Food Connect went from select deliveries in a small part of the Philadelphia to being fairly well known in the area's food ecosystem. I met Megha at a Food Policy Advisory Council Anti-Hunger Committee meeting hosted by the SHARE food program, where she was describing her work to a very attentive group of food-justice advocates.
The concept is deceptively simple: the Food Connect driver arrives, picks up food and takes it to a shelter. However, as the volume of donations increases, Megha and her team of volunteers are looking at ways to operate more efficiently and trying to make it easier to donate.
With the Democratic National Convention in town this month, they are also looking at how to streamline the process of collecting fragmented donations.
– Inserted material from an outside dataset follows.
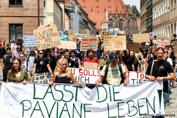 В немецком Нюрнберге прошла акция зоозащитников, которые выступили против решения администрации местного зоопарка об убийстве нескольких гвинейских павианов из-за того, что "стадо слишком разрослась", - сообщает Deutsche Welle. Более того, администрация зоопарка публично заявила о планах усыпить часть приматов, численность которых увеличилась до 45 особей, тогда как вольер рассчитан лишь на 25 животных. Представители зоопарка утверждают, что "из-за перенаселения, в вольерах ухудшилась социальная структура группы, участились конфликты и травмы среди павианов". При этом чиновники не исключили, что туши умерщвленных животных скормят хищникам, обитающим в этом же зоопарке. Как тут не вспомнить датский зоопарк, который по тем же причинам убил жирафа Мариуса и на глазах у детей разделал его тушу, а затем скормил львам. "Если мы серьёзно относимся к разведению животных, в том числе к участию в программах по разведению, то мы должны следовать тому, что считаем правильным. И это правильно", -
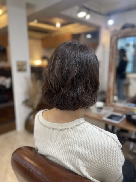ショートから伸ばしかけの状態から裾を切り揃えてボブっぽく、くしゅっとパーマもかけて動きが出るように♪ 朝は濡らしてハーフドライか[…]

They are also planning to collaborate with SHARE and Philabundance in some way.
In case you were wondering at this point: At Weavers Way Chestnut Hill, food that is out of code (or about to be) is collected two or three times a week by the food bank at St. Vincent's in Germantown. Outdated food from Mt. Airy goes to Whosoever Gospel Mission, also in Germantown. Inedible vegetables and vegetable scraps from both stores go to Saul High School to be made into Henry Got Compost. (And in Mt. Airy, bruised and wilted vegetables are offered for sale at a discount before they're too far gone.) “If we have a really big donation, we get Philabundance involved,” said Chestnut Hill store manager Dean Stefano.
Megha wants potential donors (grocery stores, restaurants, dining halls, universities, etc.) to know that they can contact Food Connect directly if they have extra food
Surplus food should still be fresh and edible, as drivers make same-day deliveries to places that can use it immediately. Food Connect can always use extra volunteer drivers — one hour a week is all the commitment they ask.